About this exercise:
Each line from the first line of the entries through the line holding "- ミズクラゲの傘の形をしたドーム球場。模型では屋根が透明だが、本来は白。" is to be restated word for word; nothing else, and no picture, belongs in the answer.

Supplied material:
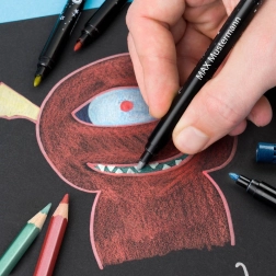 Kombinácia presných liniek fixky a hladkého tieňovania pastelkou vám dá slobodu tvoriť – od detailov po plné plochy.
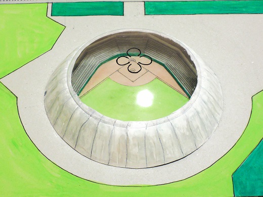 - ミズクラゲの傘の形をしたドーム球場。模型では屋根が透明だが、本来は白。
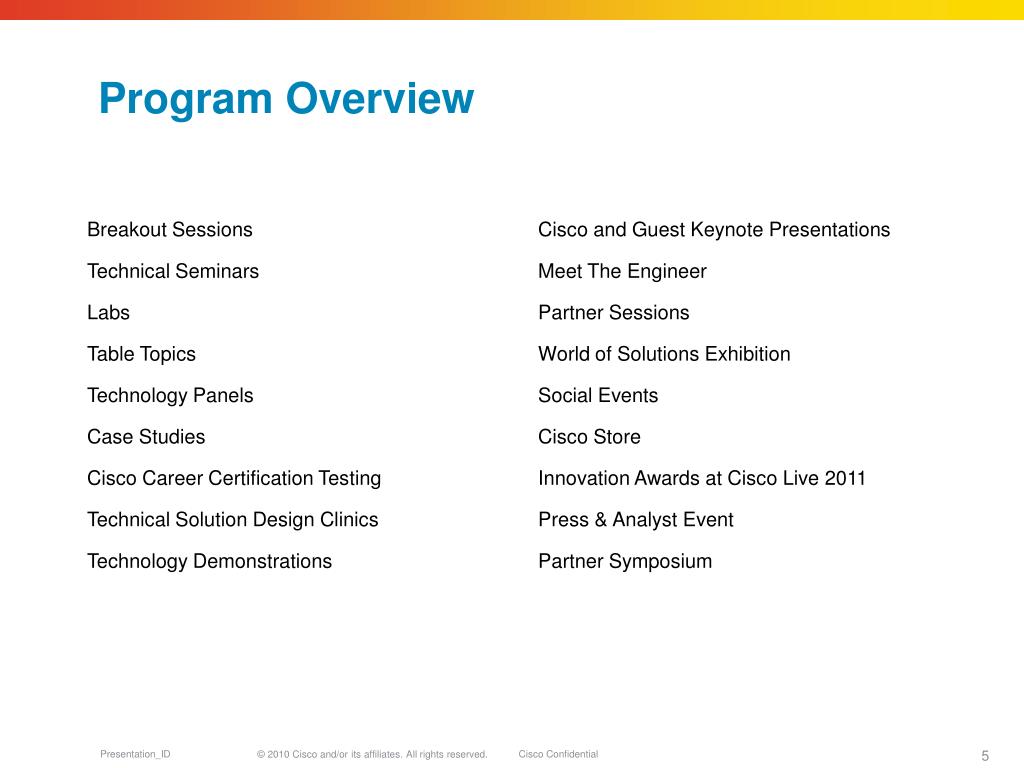 Program Overview Breakout Sessions Technical Seminars Labs Table Topics Technology Panels Case Studies Cisco Career Certification Testing Technical Solution Design Clinics Technology Demonstrations • Cisco and Guest Keynote Presentations • Meet The Engineer • Partner Sessions • World of Solutions Exhibition • Social Events • Cisco Store • Innovation Awards at Cisco Live 2011 • Press & Analyst Event • Partner Symposium
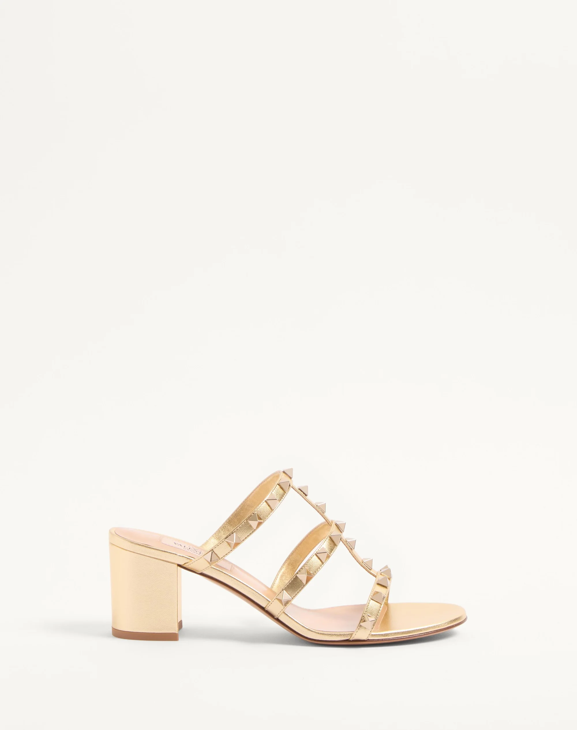 ROCKSTUD SLIDE SANDAL IN LAMINATED NAPPA 60MM
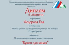 Поздравляем Федорову Еву, воспитанницу средней группы с победой в межрегиональном конкурсе детского творчества «Букет для мамы»

Answer:
 Kombinácia presných liniek fixky a hladkého tieňovania pastelkou vám dá slobodu tvoriť – od detailov po plné plochy.
 - ミズクラゲの傘の形をしたドーム球場。模型では屋根が透明だが、本来は白。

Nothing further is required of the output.